Hello folks,
While I was spending my holyday on a campsite in France I was experimenting with bit sequences to try to improve the prediction ratio's within my (ehm...) ppm+cm compression algorithm.
As I expected it is very rewarding to dynamicaly adjust the sequence of bits for prediction. The amount of wrong quesses is decreased around 5%, so I was very happy.
But when I came home the compression (not the prediction) became worse.
First I try to explain what I did:
My algorithm is a sort of byte-wise and I compress the predicted byte bit by bit. In the old version I started with bit 7 and counted down to 0. In the new version I take the best predictable bit and then again the next best predictable. This process is reversable, so the file can be decompressed. In my opinion a "best predictable bit" is a score = |0.5 - p| and the score must be as big as posible.

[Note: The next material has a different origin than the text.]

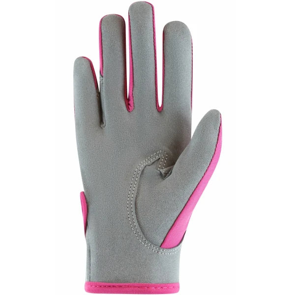 Früh übt sich – mit unserem Koppl. Ob im Raspberry Rose Einhorn-Look, in Black oder Vivid Blue mit Hufeisenmuster, hier finden alle kleinen Reiterinnen und Reiter das passende Design. Das strapazierfähige und angenehm weiche DURADERO Synthetikmaterial an der Innenhand überzeugt durch Stretch, Beweglichkeit und Feinfühligkeit und sorgt zudem für einen zuverlässig rutschfesten Griff am Zügel. Die Oberhand ist mit Elastic Fabric besonders elastisch und sorgt für ein angenehmes Tragegefühl. Ein Klettriegel fixiert den Handschuh zuverlässig am Handgelenk. Durchdacht für noch mehr Reitspaß: Das Roeckl Sports Händchen Logo auf dem Zügeldaumen gilt als visuelle Hilfe, damit die Kleinen ihre aufgestellte Zügelfaust und damit die korrekte Zügelführung jederzeit kontrollieren können. Wer das Roeckl Sports Logo sieht, hält die Hand richtig. Passform, Funktionalität und Optik sind also speziell auf die Vorlieben unserer kleinen Reiterinnen und Reiter abgestimmt – für noch mehr Freude an ihrem großen Hobby. Der KOPPL ist bereits ab Größe 3 erhältlich und bei 30 Grad in der Maschine waschbar.Enthält kein Leder.

Some results on world95.txt:
Old version, unoptimised
Code:
output: 490b, 47,88, 47,88% compression - 2917kb left - n: 120 w: 1150
output: 940b, 45,94, 45,94% compression - 2916kb left - n: 126 w: 2290
output: 1350b, 43,96, 43,96% compression - 2915kb left - n: 127 w: 3268
output: 1781b, 43,5, 43,5% compression - 2914kb left - n: 128 w: 4320
output: 2219b, 43,35, 43,35% compression - 2913kb left - n: 130 w: 5426
output: 2598b, 42,29, 42,29% compression - 2912kb left - n: 130 w: 6350
output: 2964b, 41,36, 41,36% compression - 2911kb left - n: 133 w: 7241
output: 3332b, 40,67, 40,67% compression - 2910kb left - n: 133 w: 8113
output: 3660b, 39,72, 39,72% compression - 2909kb left - n: 133 w: 8904
output: 4010b, 39,16, 39,16% compression - 2908kb left - n: 135 w: 9729
New version, optimised
Code:
output: 494b, 48,27, 48,27% compression - 2917kb left - n: 121 w: 1034
output: 941b, 45,95, 45,95% compression - 2916kb left - n: 125 w: 2020
output: 1351b, 43,99, 43,99% compression - 2915kb left - n: 128 w: 2912
output: 1780b, 43,48, 43,48% compression - 2914kb left - n: 130 w: 3848
output: 2218b, 43,33, 43,33% compression - 2913kb left - n: 135 w: 4818
output: 2600b, 42,33, 42,33% compression - 2912kb left - n: 135 w: 5634
output: 2978b, 41,56, 41,56% compression - 2911kb left - n: 135 w: 6415
output: 3355b, 40,97, 40,97% compression - 2910kb left - n: 135 w: 7215
output: 3682b, 39,96, 39,96% compression - 2909kb left - n: 135 w: 7869
output: 4035b, 39,41, 39,41% compression - 2908kb left - n: 137 w: 8580
('n' stands for neutral (p = 0.5) and 'w' stands for wrong (error > 0.5). Compression ratios shoud be the other way around, but I personaly favor this way.)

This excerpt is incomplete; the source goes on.